* **Work item**:
No pictures go into the copy. Write out exactly the lines below from the one containing "- The Vince" through the one containing "埋没法しかできない医師が案内".

* **Supplied material**:
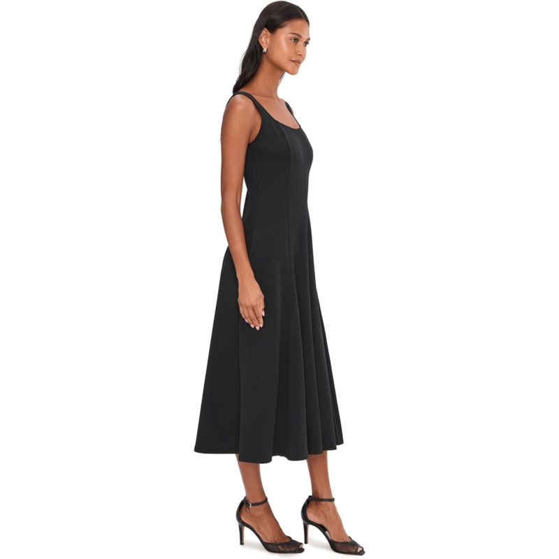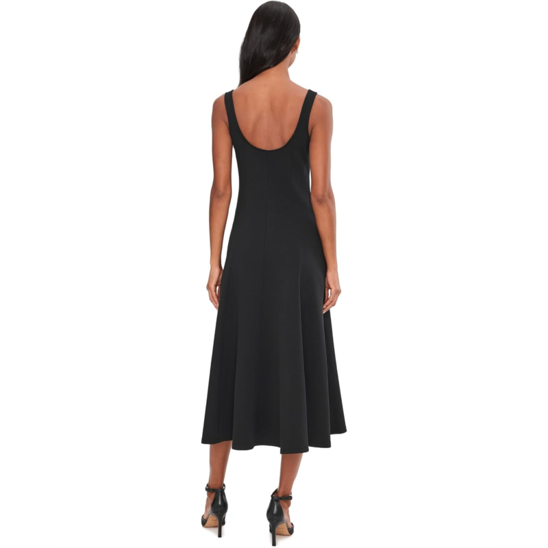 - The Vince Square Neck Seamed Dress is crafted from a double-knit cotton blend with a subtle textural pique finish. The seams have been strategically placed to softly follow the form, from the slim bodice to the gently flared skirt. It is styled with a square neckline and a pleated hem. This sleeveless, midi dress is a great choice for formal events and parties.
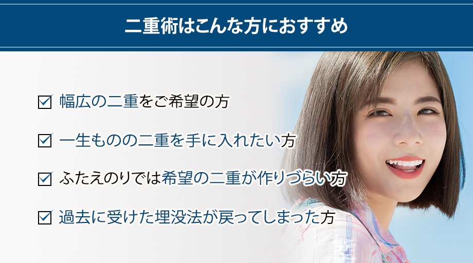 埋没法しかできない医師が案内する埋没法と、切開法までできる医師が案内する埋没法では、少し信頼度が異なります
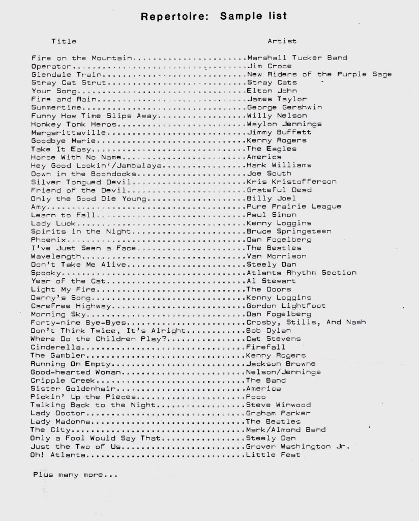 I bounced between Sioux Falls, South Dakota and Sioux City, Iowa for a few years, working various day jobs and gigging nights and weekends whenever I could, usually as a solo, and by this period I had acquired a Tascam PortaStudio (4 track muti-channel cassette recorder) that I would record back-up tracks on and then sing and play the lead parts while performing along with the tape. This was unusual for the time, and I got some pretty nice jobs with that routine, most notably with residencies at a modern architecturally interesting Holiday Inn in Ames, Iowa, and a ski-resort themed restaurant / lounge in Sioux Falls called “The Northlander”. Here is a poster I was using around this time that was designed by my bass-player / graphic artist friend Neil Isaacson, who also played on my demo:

---

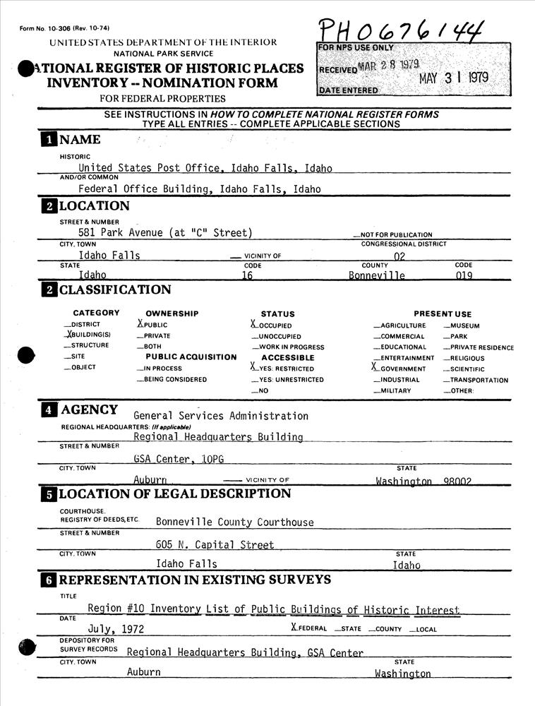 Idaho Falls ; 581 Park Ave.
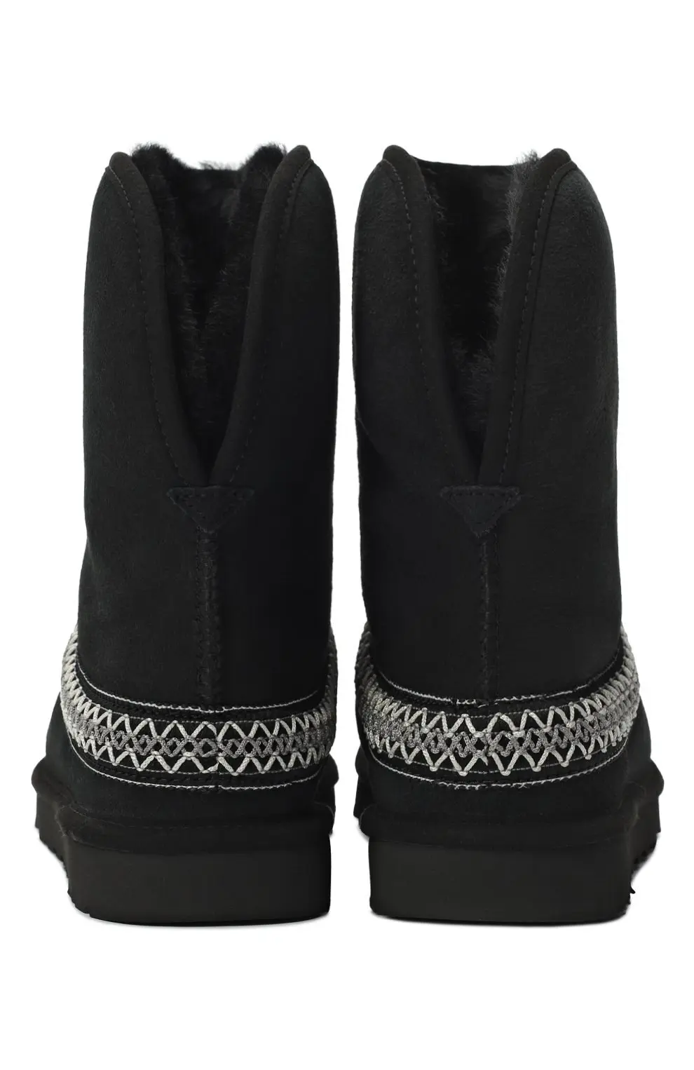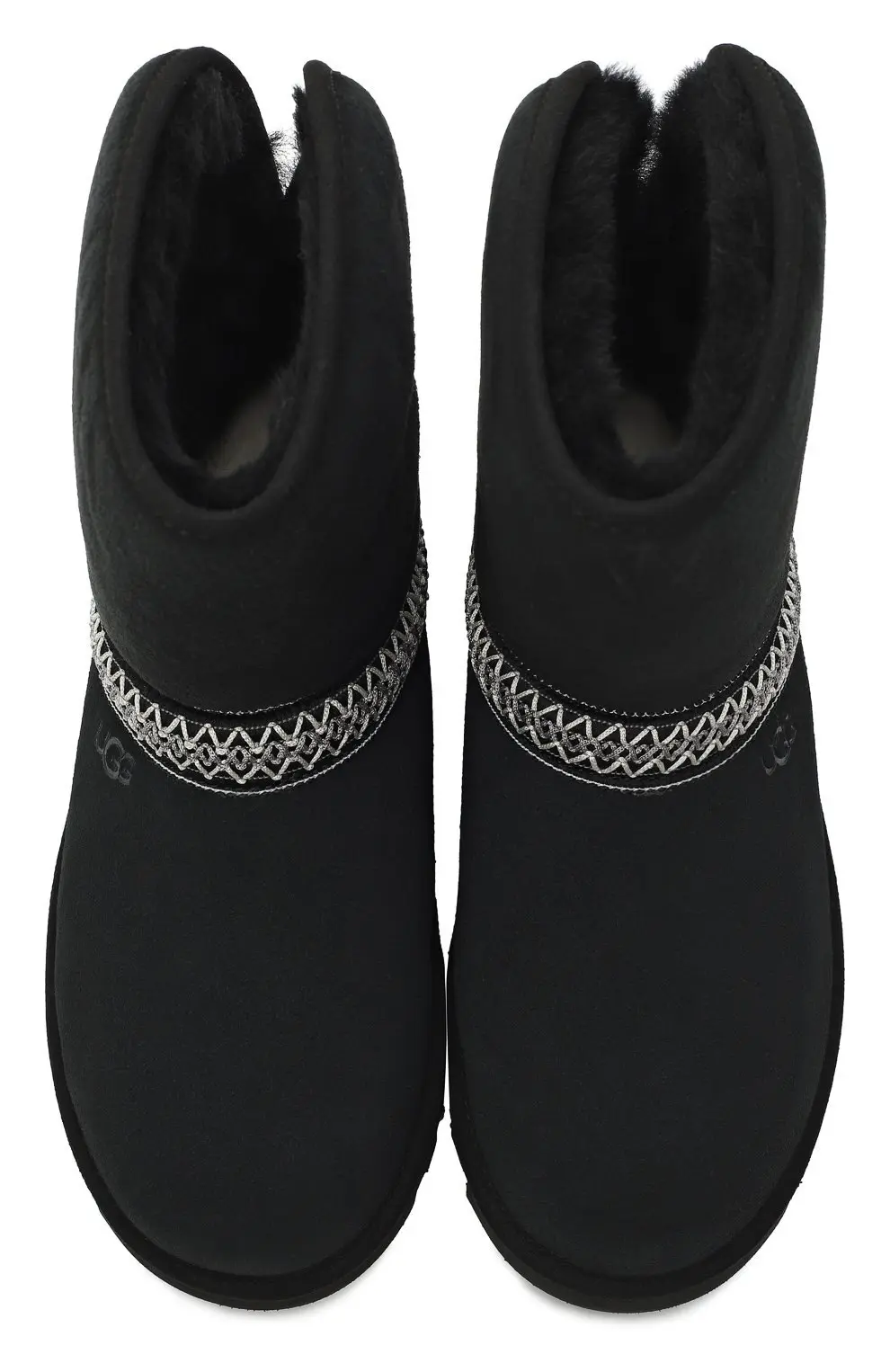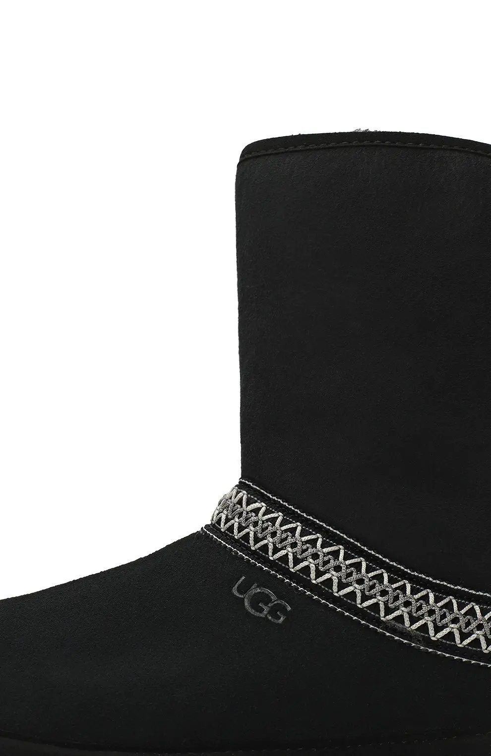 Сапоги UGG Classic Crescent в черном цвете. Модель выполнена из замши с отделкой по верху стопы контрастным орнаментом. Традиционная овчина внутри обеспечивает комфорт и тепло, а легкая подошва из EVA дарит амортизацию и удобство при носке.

* **Finished task**:
 - The Vince Square Neck Seamed Dress is crafted from a double-knit cotton blend with a subtle textural pique finish. The seams have been strategically placed to softly follow the form, from the slim bodice to the gently flared skirt. It is styled with a square neckline and a pleated hem. This sleeveless, midi dress is a great choice for formal events and parties.
 埋没法しかできない医師が案内する埋没法と、切開法までできる医師が案内する埋没法では、少し信頼度が異なります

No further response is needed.